С другой стороны, эти же трагедии необычайно показательны, как проявители революционного духа, которым была пропитана эпоха. Нельзя быть большим скептиком по отношению к самому существу верховной власти, чем Сенека, этот, между тем, как не раз уже мы видели, убежденный монархист и проповедник монархии, этот воспитатель государя, дворцовый политикан-теоретик и практик, всемогущий министр. — Если у государя не найдется другого учителя, чтобы показать ему путь коварства и преступления, их покажет ему власть (Ut nemo doceat fraudis er sceleris vias, regnum docebit), — говорит его Атрей, упреждая почти на две тысячи лет теорию Якоби о безумии, порождаемом величием власти.

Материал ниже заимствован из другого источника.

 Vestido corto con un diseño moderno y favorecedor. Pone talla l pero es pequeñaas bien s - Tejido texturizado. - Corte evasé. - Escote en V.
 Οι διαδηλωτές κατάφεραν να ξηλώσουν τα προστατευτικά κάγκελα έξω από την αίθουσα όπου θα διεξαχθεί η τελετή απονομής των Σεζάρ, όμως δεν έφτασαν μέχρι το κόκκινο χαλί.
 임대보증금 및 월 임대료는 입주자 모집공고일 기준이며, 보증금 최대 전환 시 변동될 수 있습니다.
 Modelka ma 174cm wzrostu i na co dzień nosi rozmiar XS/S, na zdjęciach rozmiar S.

В ужасе пред этим безумием, Сенека очень часто выражает взгляды — мало сказать, революционные, но прямо таки террористические.

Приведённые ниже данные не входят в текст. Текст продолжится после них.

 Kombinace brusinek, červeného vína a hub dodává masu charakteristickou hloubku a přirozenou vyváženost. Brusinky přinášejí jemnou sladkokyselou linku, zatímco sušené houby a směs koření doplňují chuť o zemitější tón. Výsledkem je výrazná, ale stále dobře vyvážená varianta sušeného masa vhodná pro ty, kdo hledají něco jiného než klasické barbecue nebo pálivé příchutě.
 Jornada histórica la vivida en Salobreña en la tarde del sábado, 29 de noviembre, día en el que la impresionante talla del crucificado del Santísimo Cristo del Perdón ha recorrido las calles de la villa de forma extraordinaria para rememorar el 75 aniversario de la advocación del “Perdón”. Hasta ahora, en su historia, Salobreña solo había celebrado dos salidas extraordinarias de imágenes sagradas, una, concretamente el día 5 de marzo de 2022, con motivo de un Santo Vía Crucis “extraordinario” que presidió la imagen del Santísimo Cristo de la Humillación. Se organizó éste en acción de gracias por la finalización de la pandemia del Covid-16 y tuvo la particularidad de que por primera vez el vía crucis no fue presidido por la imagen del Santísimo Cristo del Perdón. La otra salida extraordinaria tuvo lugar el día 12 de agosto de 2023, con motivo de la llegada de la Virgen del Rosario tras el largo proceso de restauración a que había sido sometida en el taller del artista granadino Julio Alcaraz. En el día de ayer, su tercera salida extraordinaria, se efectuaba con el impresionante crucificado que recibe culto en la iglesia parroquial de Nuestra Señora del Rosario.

Utinam cruore capitis invisi deis libare possem: gration nullus liquor tinxisset aras; victima haut ulla amplior potest magisque opima mactari Jovi, quam rex iniquus.
В таких недвусмысленных стихах выражает свою ненависть к политической тирании «Неистовый Геркулес». (О культе его, как истребителя тиранов и насадителе свободной гражданственности, я уже имел случай говорить в I томе «Зверя из бездны».) Известно, что стоицизм отверг школьный идеал античного мира, Александра Великого, гения войны и победы, и противопоставил ему, как свой идеал, — Геркулеса, бога силы, творящей добро (Havet).

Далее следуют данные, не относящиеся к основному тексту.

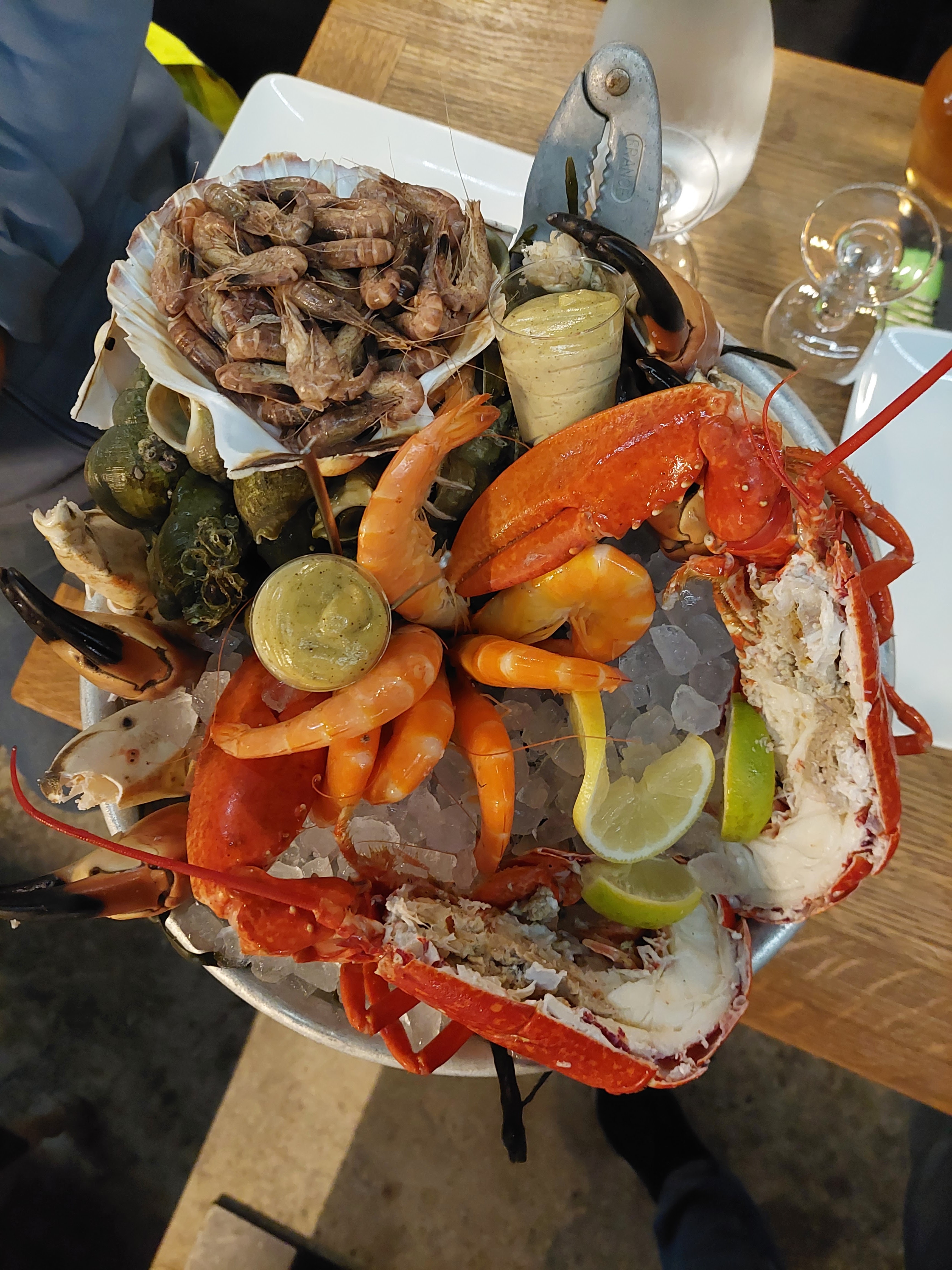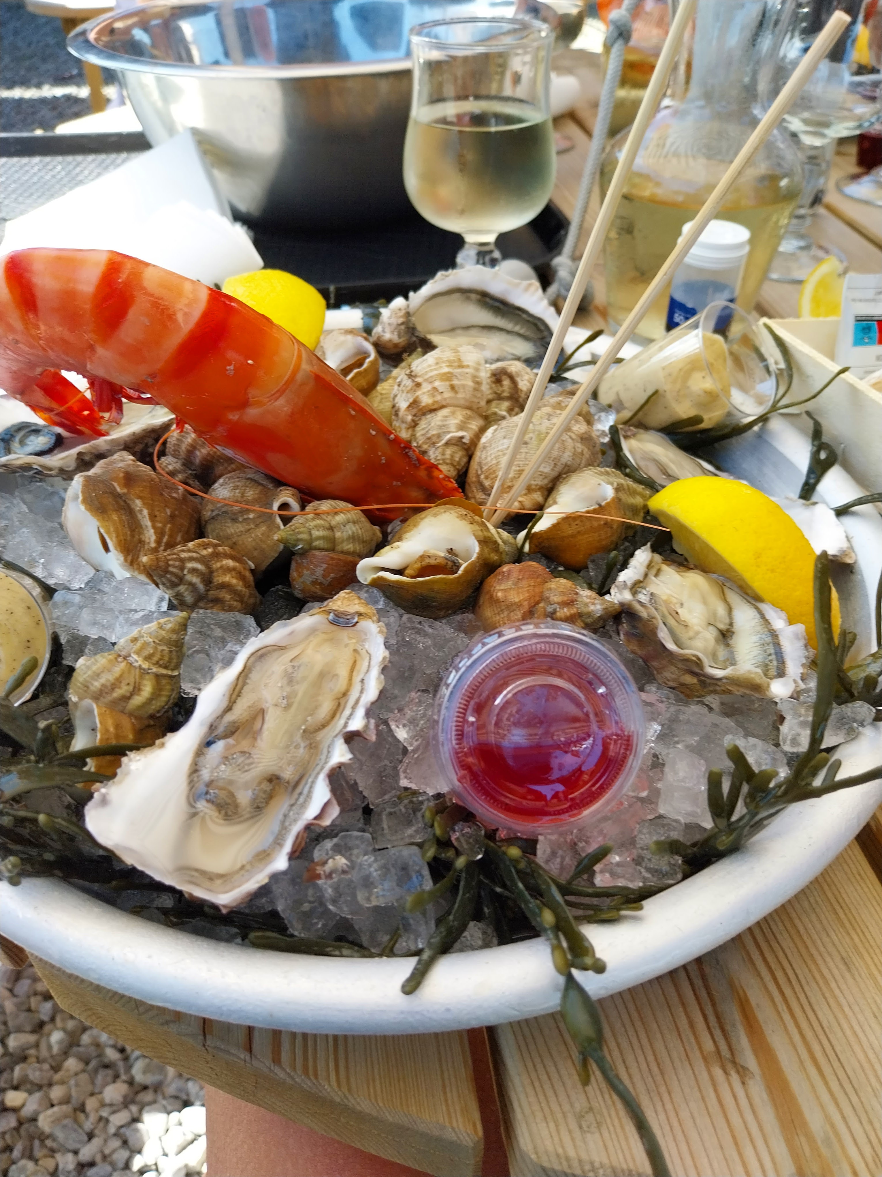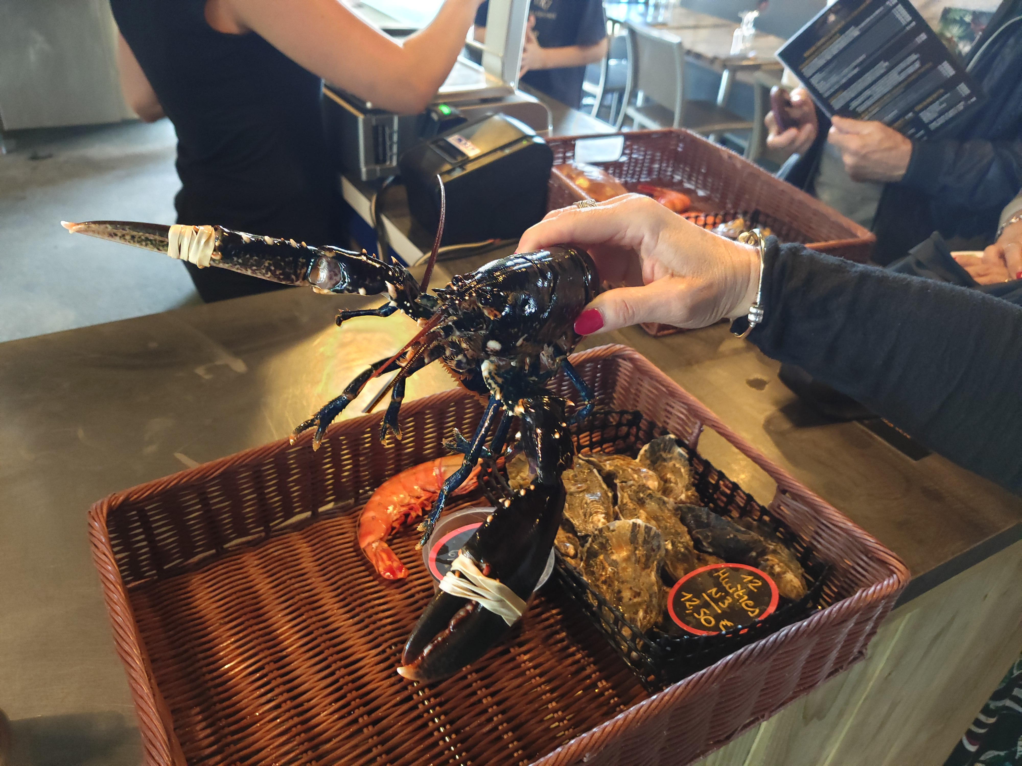 Alors là génial,on ce fait son panier de fruits de mer et l'équipe s'occupe d'ouvrir les huitres, nous on a choisi un homard et on nous la cuit sur place

Iniqua numquam regna perpetuo manent!
(Никогда не бывают прочны неправые царства!), — грозит «Медея».
Virtutis est domare quae cuneti pavent, —
(Доблесть заключается в том, чтобы смирять тех, пред кем все трепещут), —
учит Мегара, верная жена Неистового Геркулеса.
Быть может, Гастон Буассье уж слишком старается придать подобным общим местам частное и специальное значение. Притом же этот ученый, в два разные периода жизни своей, в двух своих сочинениях, высказал диаметрально противоположные взгляды на хронологию трагедий Сенеки. В статье своей «Были ли трагедии Сенеки поставлены на сцену?» он относил их к раннему творчеству писателя, почитая их плодами ненависти Сенеки к Клавдию. В знаменитом же труде своем «Оппозиция при Цезарях» он почитает трагедии Сенеки написанными после того, как философ отошел от государственных дел. В первом труде он считал вышеприведенные стихи из «Тиэста» относящимися к Клавдию, во втором видит в одном монологе того же «Тиэста» намеки Сенеки на особенную свою судьбу после отставки:
— Поверь мне, возвышенные положения прельщают людей только обманными титулами (nominibus), и напрасно люди боятся нужды. Покуда я стоял на высоте, я никогда не переставал бояться меча — даже того, который висит на собственном моем боку. Ах, как хорошо быть на низах общества — никому не внушать ни зависти, ни страха! Преступный умысел проходит мимо бедной хижины, и нищий безопасно ест обед свой на колченогом столе, тогда как в золотом кубке, того гляди, выпьешь яд, — это я тебе по опыту говорю! Повторяю тебе: жить в скудной доле лучше, чем в богатой!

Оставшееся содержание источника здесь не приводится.